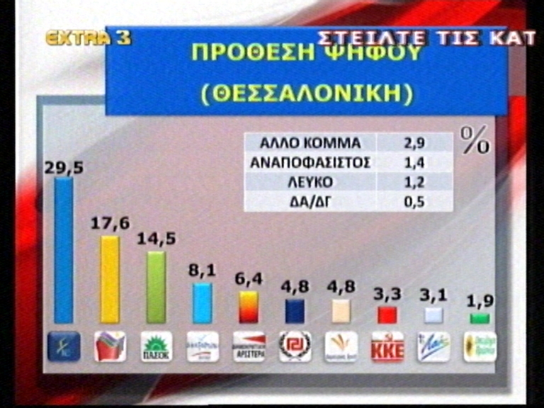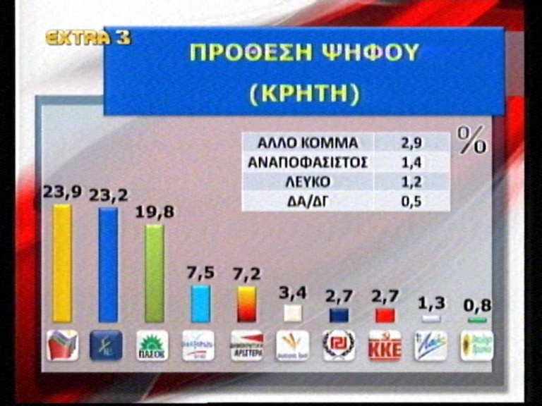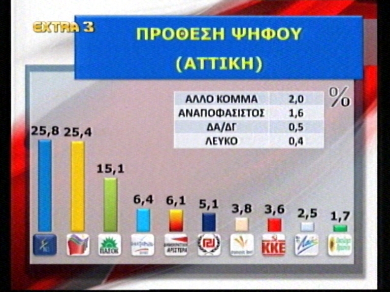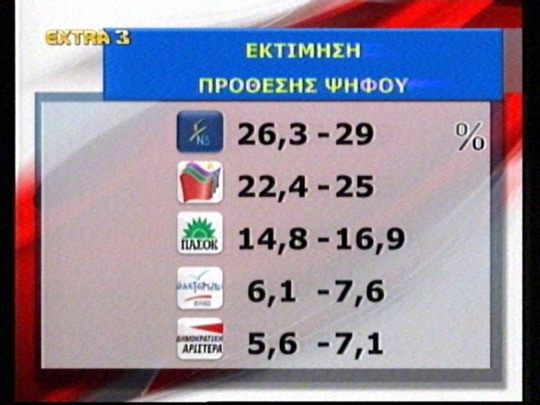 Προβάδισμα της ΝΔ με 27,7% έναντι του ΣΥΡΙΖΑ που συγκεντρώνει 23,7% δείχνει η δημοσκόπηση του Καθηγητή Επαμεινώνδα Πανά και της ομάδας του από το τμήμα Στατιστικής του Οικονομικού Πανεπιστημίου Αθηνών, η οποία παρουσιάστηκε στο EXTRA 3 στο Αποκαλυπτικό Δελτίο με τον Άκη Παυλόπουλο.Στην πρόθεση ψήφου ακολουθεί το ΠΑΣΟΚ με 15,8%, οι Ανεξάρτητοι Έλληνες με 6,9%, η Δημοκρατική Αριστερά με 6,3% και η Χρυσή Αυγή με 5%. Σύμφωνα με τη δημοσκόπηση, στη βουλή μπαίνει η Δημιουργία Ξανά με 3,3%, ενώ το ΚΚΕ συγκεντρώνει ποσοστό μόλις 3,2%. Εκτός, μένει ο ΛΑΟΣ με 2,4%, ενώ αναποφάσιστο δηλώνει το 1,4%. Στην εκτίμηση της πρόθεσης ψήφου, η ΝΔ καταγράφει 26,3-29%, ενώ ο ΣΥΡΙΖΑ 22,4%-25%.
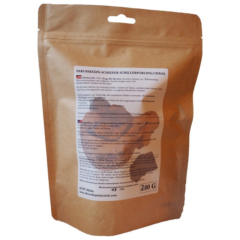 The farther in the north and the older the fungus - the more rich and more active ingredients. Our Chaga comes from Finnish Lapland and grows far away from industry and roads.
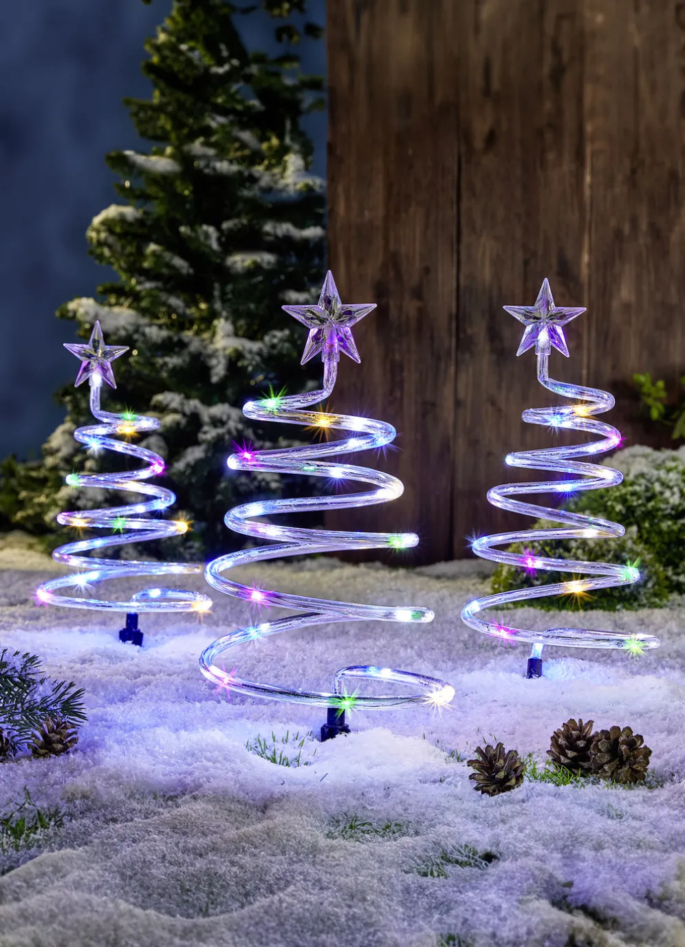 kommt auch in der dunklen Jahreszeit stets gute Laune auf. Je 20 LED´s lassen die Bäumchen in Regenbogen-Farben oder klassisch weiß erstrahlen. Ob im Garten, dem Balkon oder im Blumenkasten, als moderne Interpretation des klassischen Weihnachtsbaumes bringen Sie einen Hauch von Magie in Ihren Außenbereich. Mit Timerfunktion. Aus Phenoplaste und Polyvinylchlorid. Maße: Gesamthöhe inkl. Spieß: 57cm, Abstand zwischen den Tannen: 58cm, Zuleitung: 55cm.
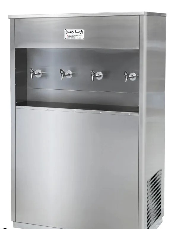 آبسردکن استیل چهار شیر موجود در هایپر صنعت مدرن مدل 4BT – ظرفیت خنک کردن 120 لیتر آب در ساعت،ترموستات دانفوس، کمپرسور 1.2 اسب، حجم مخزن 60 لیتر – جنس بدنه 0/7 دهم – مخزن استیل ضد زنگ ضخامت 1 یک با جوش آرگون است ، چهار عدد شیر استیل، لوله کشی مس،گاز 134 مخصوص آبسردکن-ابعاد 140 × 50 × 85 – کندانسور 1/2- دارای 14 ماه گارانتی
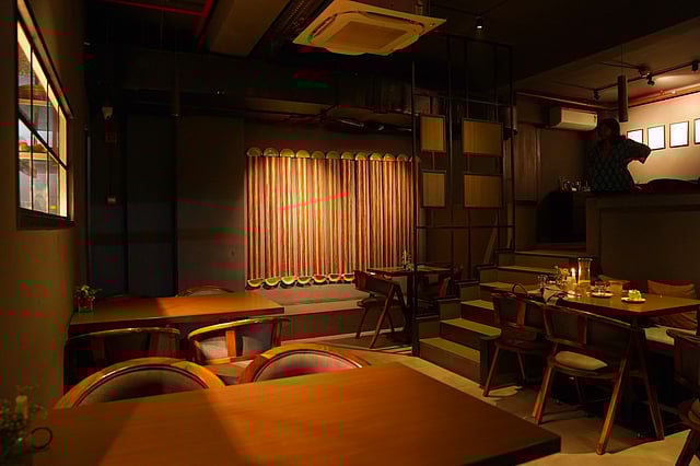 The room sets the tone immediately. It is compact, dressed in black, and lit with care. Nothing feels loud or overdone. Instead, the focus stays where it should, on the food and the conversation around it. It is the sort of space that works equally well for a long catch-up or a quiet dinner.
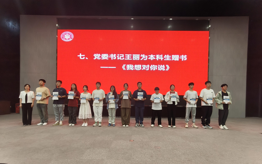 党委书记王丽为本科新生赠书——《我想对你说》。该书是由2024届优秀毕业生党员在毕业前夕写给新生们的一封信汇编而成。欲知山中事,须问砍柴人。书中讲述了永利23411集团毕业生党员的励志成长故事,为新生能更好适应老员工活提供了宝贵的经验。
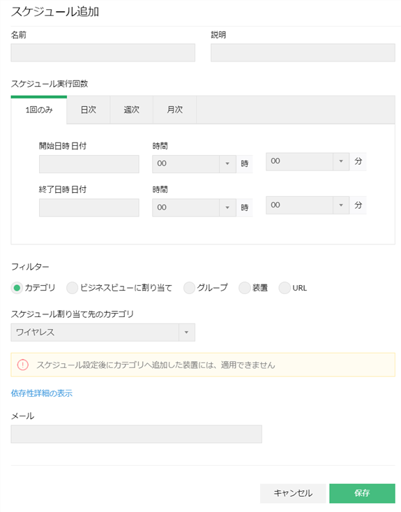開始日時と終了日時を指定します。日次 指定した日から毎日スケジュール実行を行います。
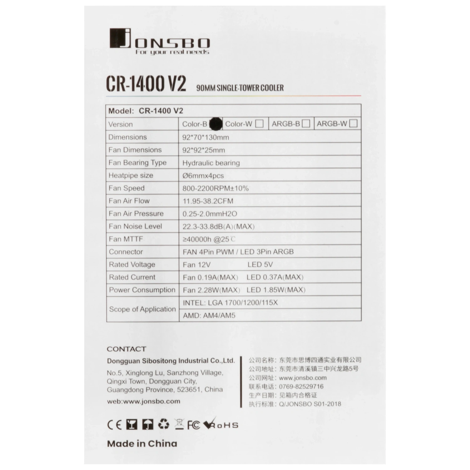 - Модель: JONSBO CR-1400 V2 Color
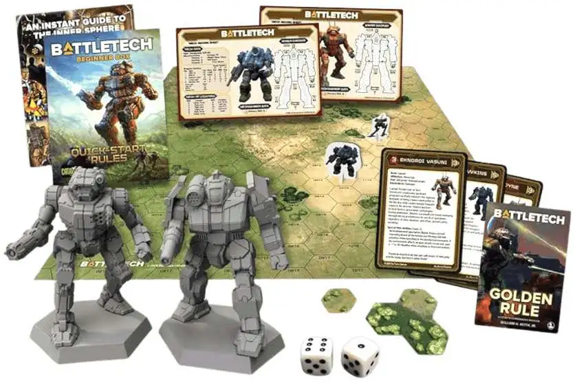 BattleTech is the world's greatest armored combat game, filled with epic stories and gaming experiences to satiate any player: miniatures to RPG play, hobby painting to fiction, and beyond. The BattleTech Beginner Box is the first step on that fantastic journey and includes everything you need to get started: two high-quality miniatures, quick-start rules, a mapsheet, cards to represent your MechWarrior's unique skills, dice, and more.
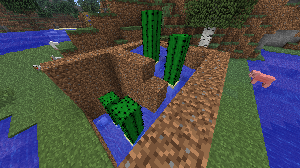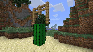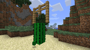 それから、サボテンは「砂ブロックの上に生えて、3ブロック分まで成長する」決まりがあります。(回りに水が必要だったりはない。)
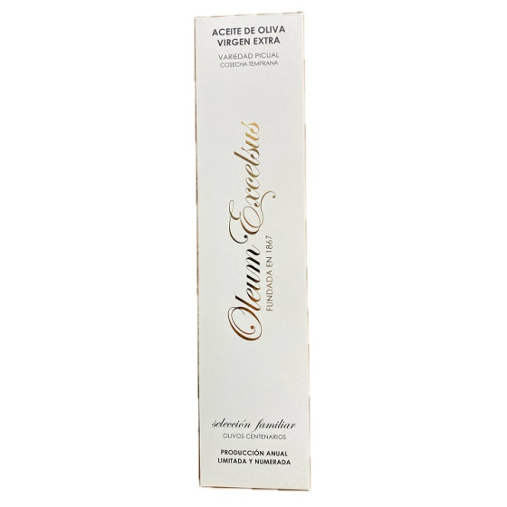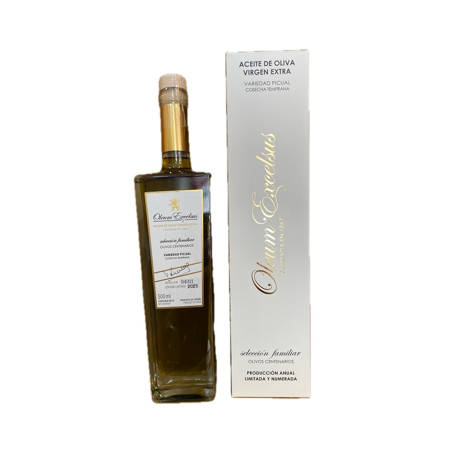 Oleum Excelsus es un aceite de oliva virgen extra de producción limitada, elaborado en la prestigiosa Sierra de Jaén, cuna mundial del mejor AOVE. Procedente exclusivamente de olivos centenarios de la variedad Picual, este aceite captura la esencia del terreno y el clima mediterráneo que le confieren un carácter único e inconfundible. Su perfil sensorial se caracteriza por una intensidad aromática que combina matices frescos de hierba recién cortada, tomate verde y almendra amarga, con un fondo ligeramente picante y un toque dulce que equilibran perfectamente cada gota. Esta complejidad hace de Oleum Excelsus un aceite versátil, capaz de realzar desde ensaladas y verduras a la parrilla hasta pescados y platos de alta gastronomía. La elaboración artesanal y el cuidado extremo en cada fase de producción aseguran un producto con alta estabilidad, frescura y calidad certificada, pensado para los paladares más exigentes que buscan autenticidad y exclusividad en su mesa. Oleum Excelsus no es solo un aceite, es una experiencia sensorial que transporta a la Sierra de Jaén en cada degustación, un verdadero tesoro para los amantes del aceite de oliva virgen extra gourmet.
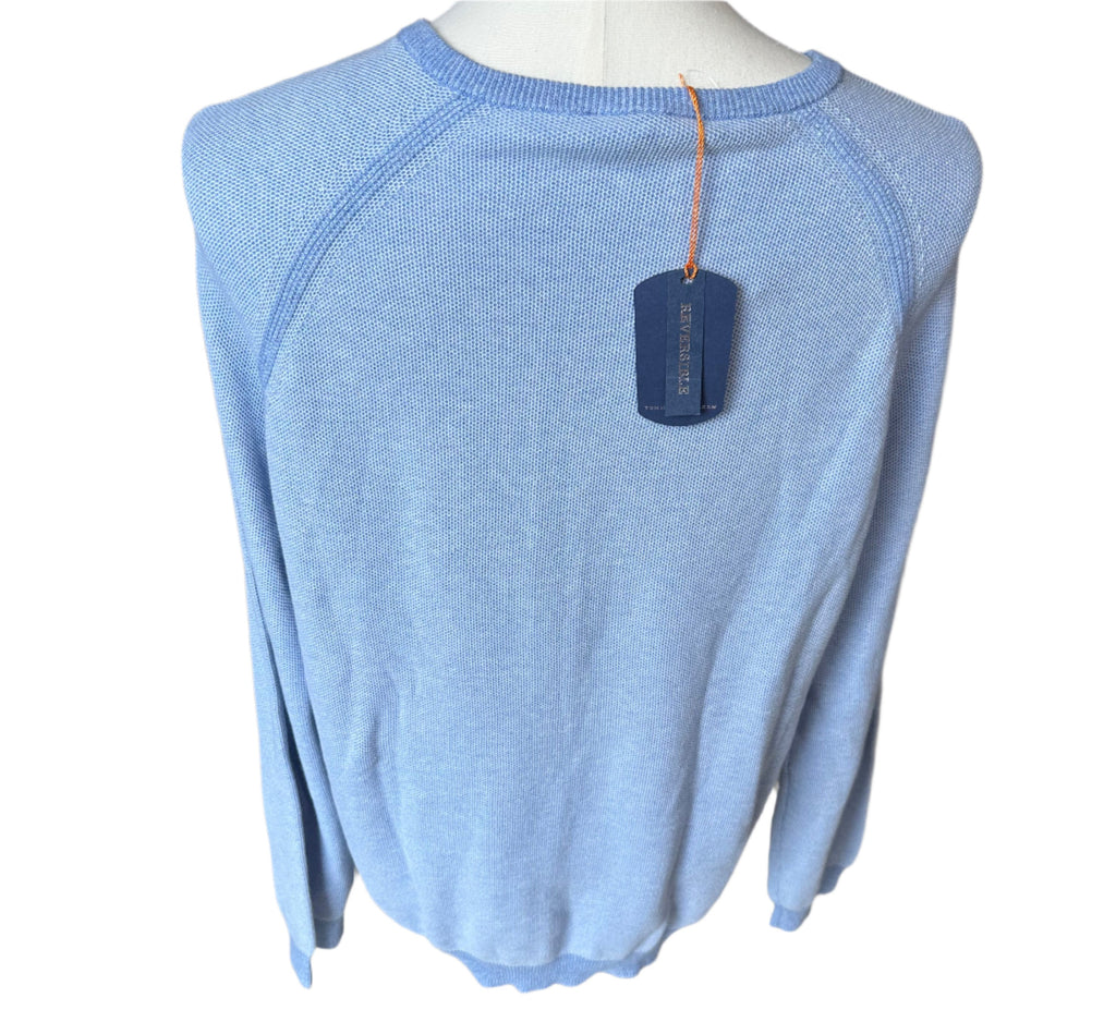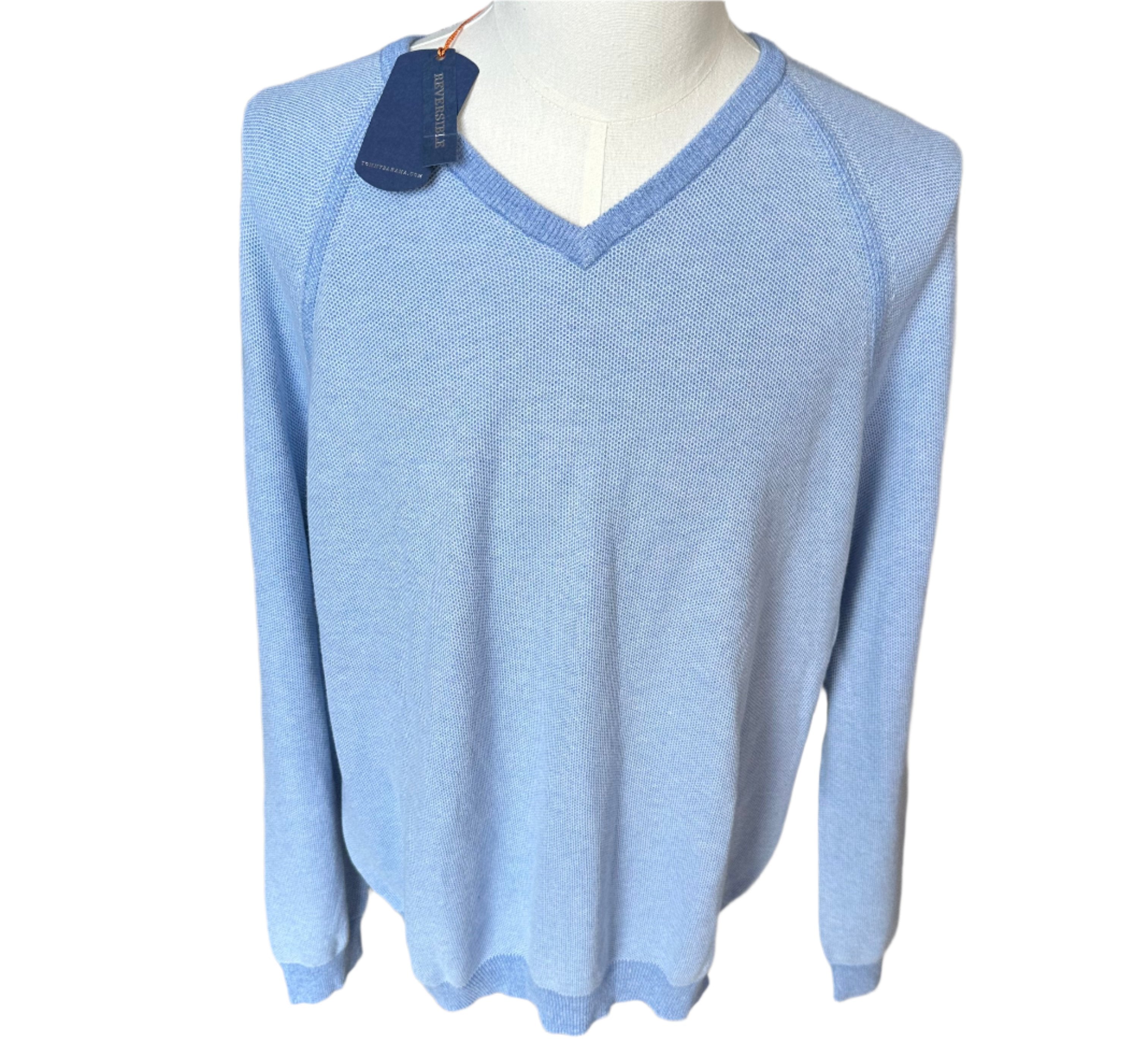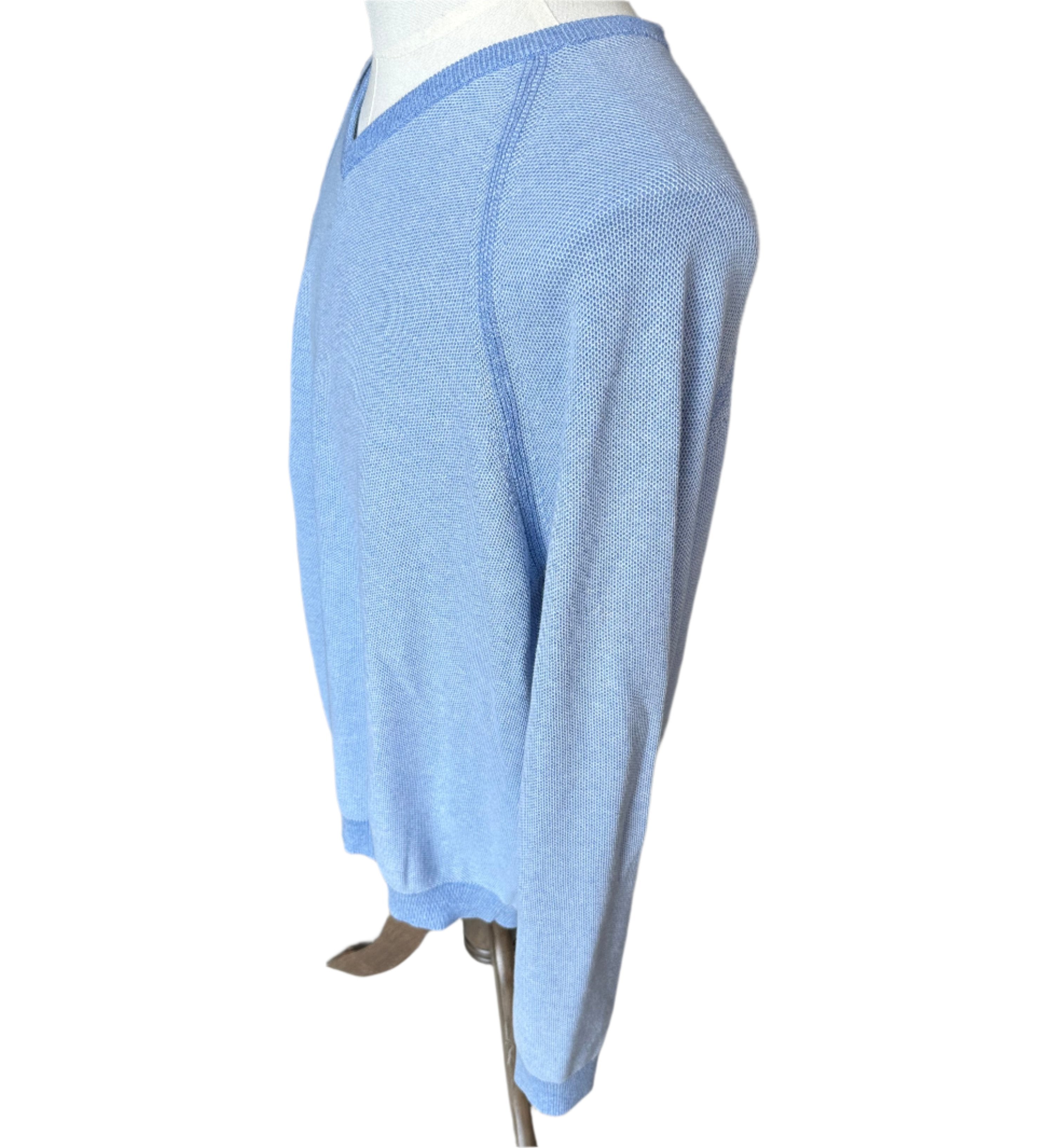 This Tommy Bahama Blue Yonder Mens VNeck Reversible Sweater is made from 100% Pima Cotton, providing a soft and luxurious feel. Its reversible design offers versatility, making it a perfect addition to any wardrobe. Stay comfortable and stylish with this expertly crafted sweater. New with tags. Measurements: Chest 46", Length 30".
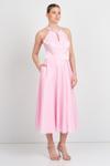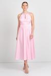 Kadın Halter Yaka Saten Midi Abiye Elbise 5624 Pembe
..............................
Return word for word the lines of the listing above, starting at the line with "開始日時と終了日時を指定しま" and ending at the line with "- Модель: JONSBO CR-1400 V2 Color", both included. Pictures do not belong in the copy.

● **RESPONSE**
開始日時と終了日時を指定します。日次 指定した日から毎日スケジュール実行を行います。
 - Модель: JONSBO CR-1400 V2 Color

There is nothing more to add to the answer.